Algunos de los policías que se encontraban vigilando el exterior de la catedral se giraron al escucharlo. Uno de ellos se acercó.

—Azsí qui uzstiedes zson los inviados de Roma. Viengan conmigo —les invitó a acompañarlo.

Accedieron al interior de la catedral. A medida que avanzaban, la inspectora iba observando la situación de la entrada y los alrededores. El padre O´Connor miraba las imágenes y los frescos. La catedral era impresionante. Estaban prácticamente casi llegando al lugar exacto donde parecía ser que se encontraba el cadáver. En un rincón, seis miembros de la policía judicial ucraniana custodiaban a quien parecía ser el responsable de la apertura de la catedral.

Un poco más adelante, entre unas columnas, vieron a una serie de fotógrafos tirando disparos con sus aparatos a algo que, al parecer, se encontraba entre una pared y alguna columna. Portaban distintivos policiales. El padre O´Connor pensó que a diferencia de todos aquellos que se encontraban ahí fuera, ellos verían lo que verdaderamente había sucedido y se pretendía ocultar. Un policía los observaba fijamente mientras se acercaban al lugar.
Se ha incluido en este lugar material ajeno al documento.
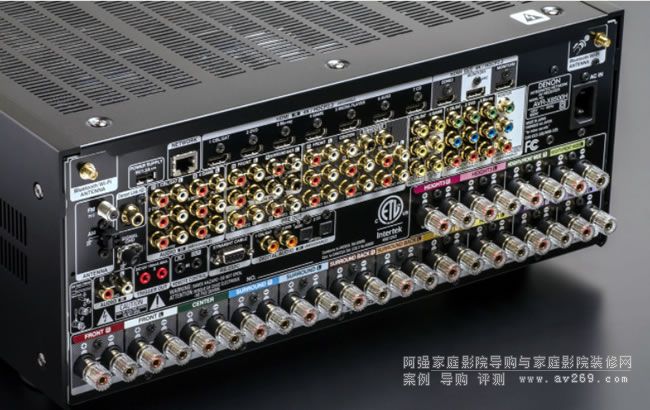 Denon AVR-X8500H內(nèi)建獨立的13聲道后級電路,但背板卻配備了多達(dá)15聲道的喇叭端子。如前所述,這是為了讓Dolby Atmos/DTS:X與Auro-3D可以由8支「高層喇叭」裡切換選擇其中的6支對應(yīng)發(fā)聲,目前Denon AVR-X8500H正在《Hi-AV影音網(wǎng)》視聽室積極評測中,也由于本站獨有的9.1.12(21.1)聲道喇叭配置,得以完全評測Denon AVR-X8500H的各種喇叭配置狀態(tài)(包括Auro-3D最高階的13.1聲道模式),關(guān)于本機的詳盡器材評鑑剖析稍后將刊出,敬請期待!

—Buenos días —dijo Valeria—. El jefe de la investigación, por favor —pidió.

Un hombre de unos cincuenta años se acercó. Se trataba de un hombre con una figura gruesa y redondeada, a la par que de una estatura alta. Debía de medir en torno al metro y noventa centímetros. Su cara reflejaba una vida sedentaria y un más que probable gusto por la bebida. Tenía la cara bastante colorada, lo que le daba un aire bonachón debido a una calva total al estilo de Kojak. Iba vestido elegantemente con un traje de chaqueta y un abrigo. Fumaba en una pipa a la que daba intensos chupetones y de la que desprendía continuas bocanadas humeantes. Tendió su mano a la inspectora para saludarla con un breve apretón.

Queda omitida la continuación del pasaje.